7. A method for feature enhancement of distant small target point cloud data based on an attention mechanism according to claim 6, characterized in that, The process involves fusing multi-scale semantic voxel features and enhanced distant small target point cloud features to obtain the final fused features, which are then used to refine the initial target classification and candidate region anchor boxes to obtain detection results. The specific path is as follows: To fuse multi-scale semantic voxel features and enhanced far-small target point cloud features, the multi-scale semantic voxel feature map and the enhanced far-small target point cloud features are first input into a convolutional layer, and then passed to a top-down path. The feature map is upsampled by deconvolution and connected to the feature map from the convolutional layer. Then the feature maps from the top-down path are transformed to the same size and merged by stacking to obtain the fused features. Finally, the detection results are generated using two 1×1 convolutional layers.

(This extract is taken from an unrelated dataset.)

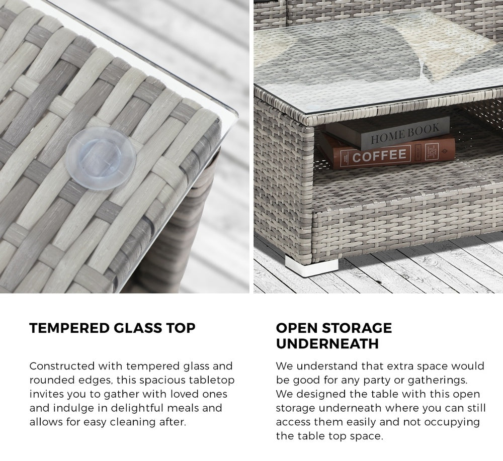 The included coffee table adds both functionality and elegance to the set. With its sleek design and ample surface area, it provides the perfect spot to place drinks, snacks, or even decorative items, adding a touch of sophistication to your outdoor oasis.

8. A computer device, the device comprising: At least one processor; as well as, A memory communicatively connected to the at least one processor; wherein the memory stores instructions executable by the at least one processor, the instructions being executed by the at least one processor to implement the method according to any one of claims 1 to 7.
9. A computer-readable storage medium storing computer-executable instructions, characterized in that, The computer-executable instructions are set as follows: When the computer-executable instructions are executed by a processor, they enable the implementation of the method described in any one of claims 1 to 7.